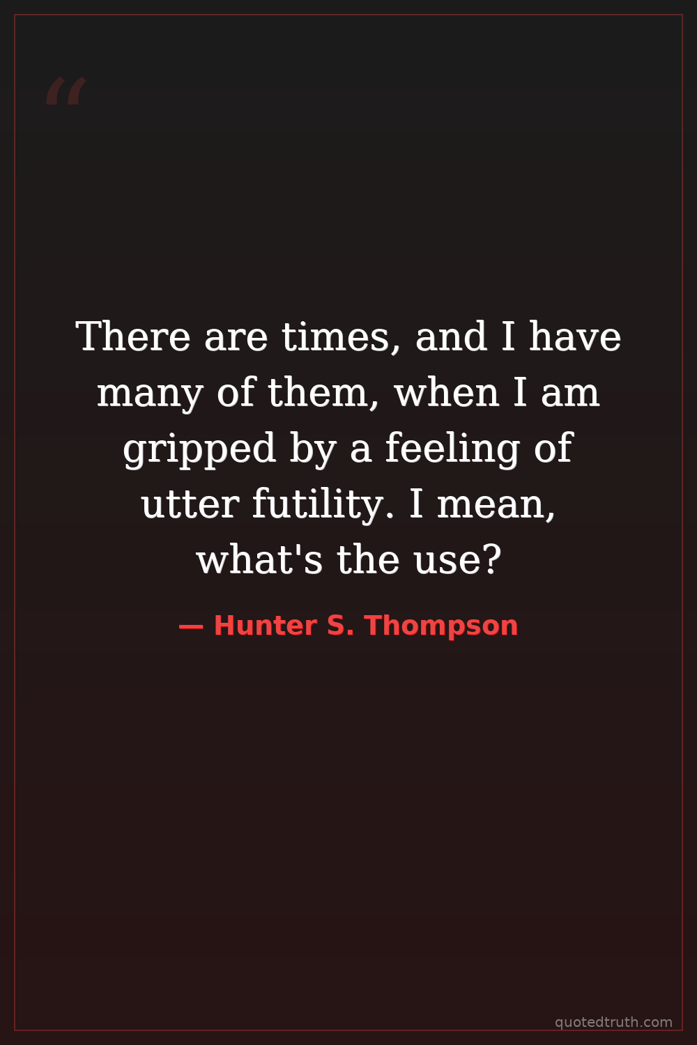 There are times, and I have many of them, when I am gripped by a feeling of utter futility. I mean, what's the use?
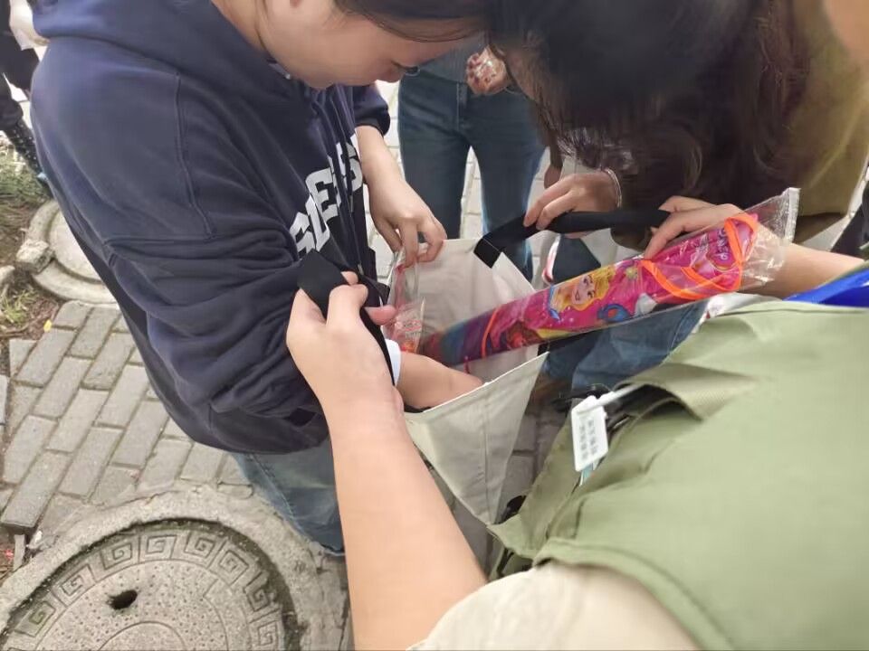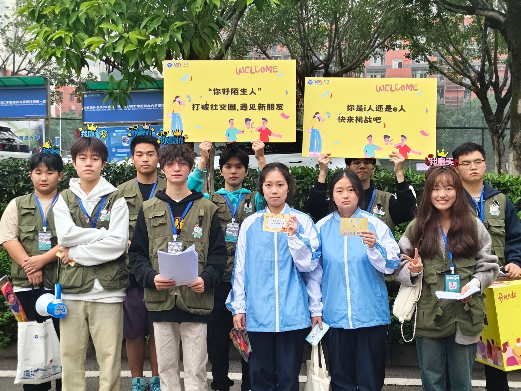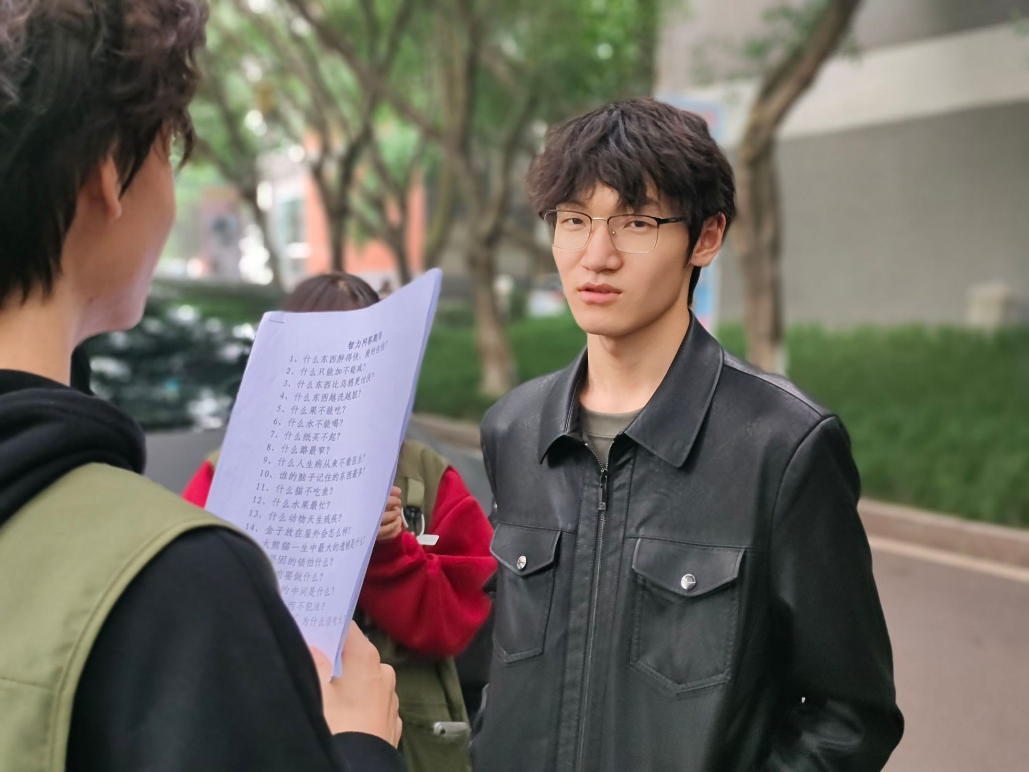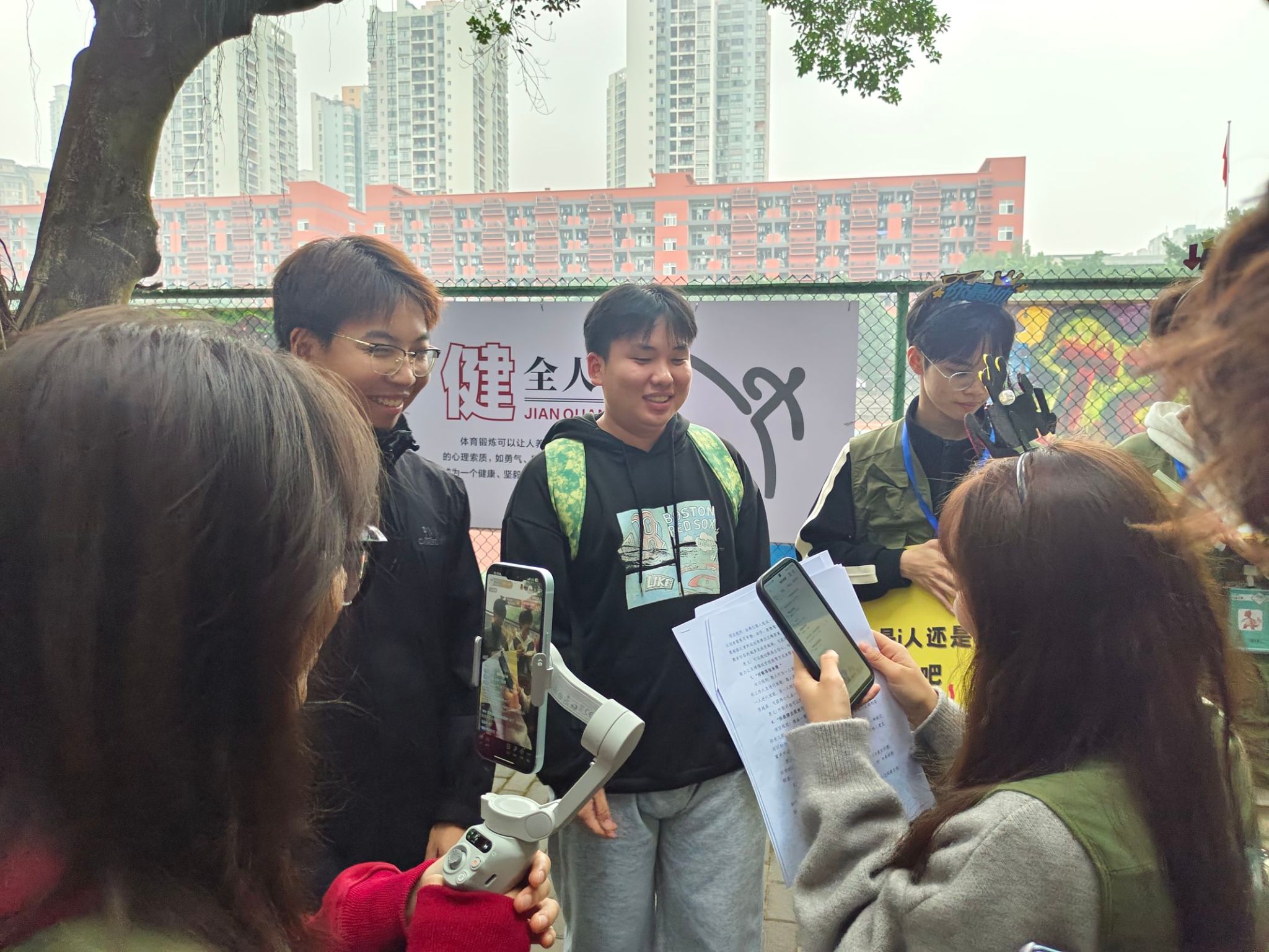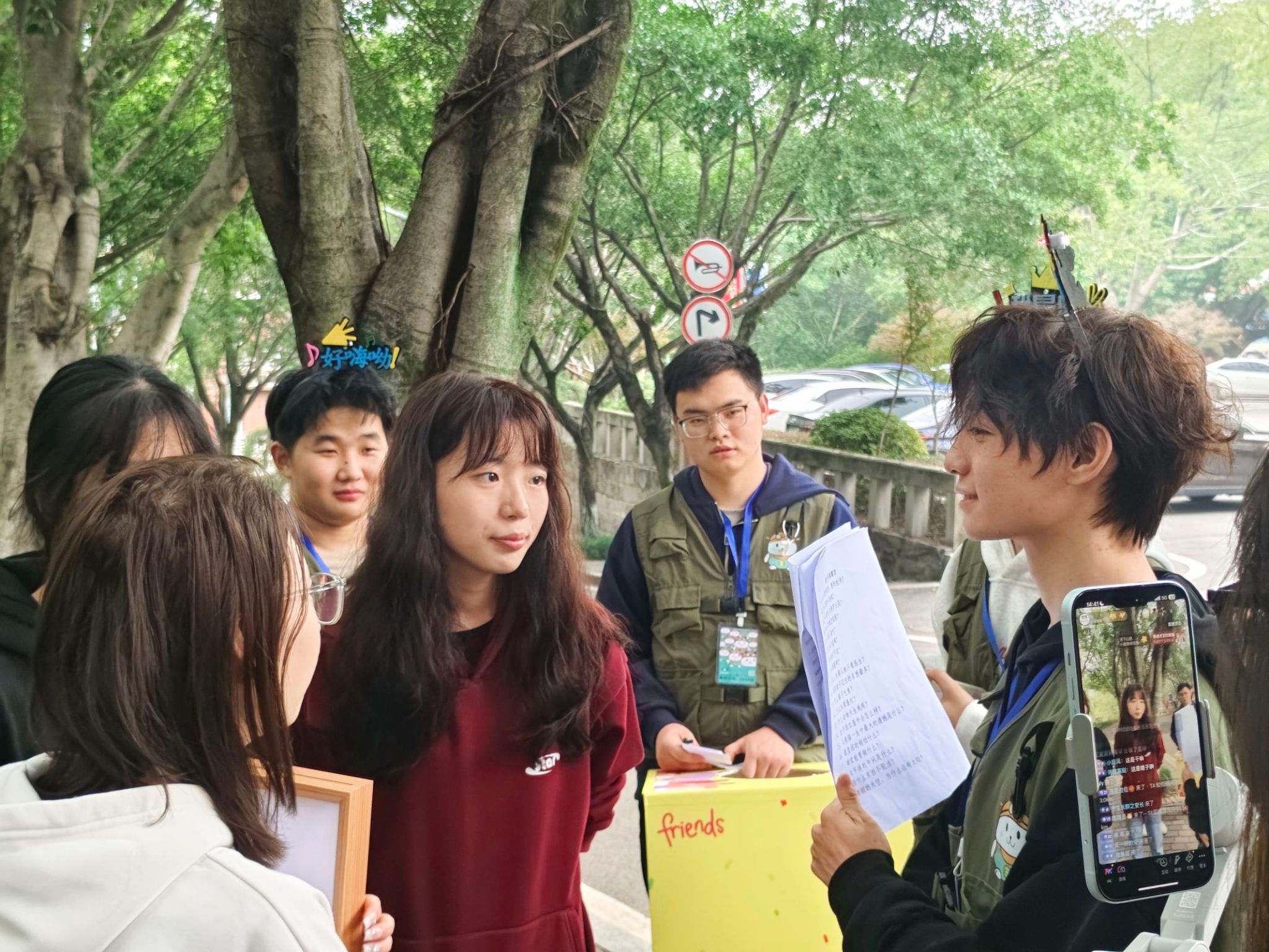 活动伊始,主持人与工作人员略显羞涩,两名主持人紧握主持稿,脑海中反复演练采访流程,力求打破初次采访带来的新奇与紧张感。在充满期待与好奇的氛围中,首场街头采访顺利启动。采访过程井然有序,趣味暗号接龙小游戏仿佛一把钥匙开启了神秘宝藏的大门,帮助主持人迅速拉近了与受访者的距离。紧接着,更多的游戏互动环节让现场氛围高潮迭起,受访的陌生同学成功完成挑战后,也绽放出灿烂的笑容,犹如阳光般明媚。随后,受访的同学从精心准备的礼品中挑选了心仪的小礼物,眼中闪烁着喜悦的光芒。最后,双方合影留念,将这一美好瞬间定格,成为时间长河中一颗璀璨的明珠,为本次采访活动奠定了美好的开端。
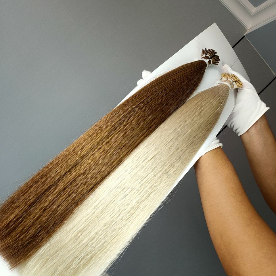 Extensiones de Cabello I-Tip, Cabello Humano 100% Virgen Remy con Cutícula, Queratina Italiana, Doble Trama, Premium Chino
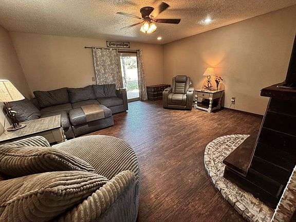 This beautiful home offers SO many attractive features, it's a 'must see'! The kitchen is fabulously spacious, but cozy too, with plenty of space for family or friends to gather, and an island with seating for great conversation! Plus, there's tile floor covering and recently installed Anderson brand glass doors for access to the front patio...the adjacent roomy living area features an attractive electric fireplace to cozy up this space, and a recently installed Anderson brand sliding glass door to the back patio! The primary bedroom is isolated, and HuGE, with a private full bath. All rooms, accept for the tiled kitchen, laundry & entry, have exceptionally attractive wood look floor covering. The back patio is large and partially covered for outdoor gatherings, and there's a dog run!

Problem: When you return the listing, keep each line exact and leave the pictures out.

Answer to this problem:
 There are times, and I have many of them, when I am gripped by a feeling of utter futility. I mean, what's the use?
 活动伊始,主持人与工作人员略显羞涩,两名主持人紧握主持稿,脑海中反复演练采访流程,力求打破初次采访带来的新奇与紧张感。在充满期待与好奇的氛围中,首场街头采访顺利启动。采访过程井然有序,趣味暗号接龙小游戏仿佛一把钥匙开启了神秘宝藏的大门,帮助主持人迅速拉近了与受访者的距离。紧接着,更多的游戏互动环节让现场氛围高潮迭起,受访的陌生同学成功完成挑战后,也绽放出灿烂的笑容,犹如阳光般明媚。随后,受访的同学从精心准备的礼品中挑选了心仪的小礼物,眼中闪烁着喜悦的光芒。最后,双方合影留念,将这一美好瞬间定格,成为时间长河中一颗璀璨的明珠,为本次采访活动奠定了美好的开端。
 Extensiones de Cabello I-Tip, Cabello Humano 100% Virgen Remy con Cutícula, Queratina Italiana, Doble Trama, Premium Chino
 This beautiful home offers SO many attractive features, it's a 'must see'! The kitchen is fabulously spacious, but cozy too, with plenty of space for family or friends to gather, and an island with seating for great conversation! Plus, there's tile floor covering and recently installed Anderson brand glass doors for access to the front patio...the adjacent roomy living area features an attractive electric fireplace to cozy up this space, and a recently installed Anderson brand sliding glass door to the back patio! The primary bedroom is isolated, and HuGE, with a private full bath. All rooms, accept for the tiled kitchen, laundry & entry, have exceptionally attractive wood look floor covering. The back patio is large and partially covered for outdoor gatherings, and there's a dog run!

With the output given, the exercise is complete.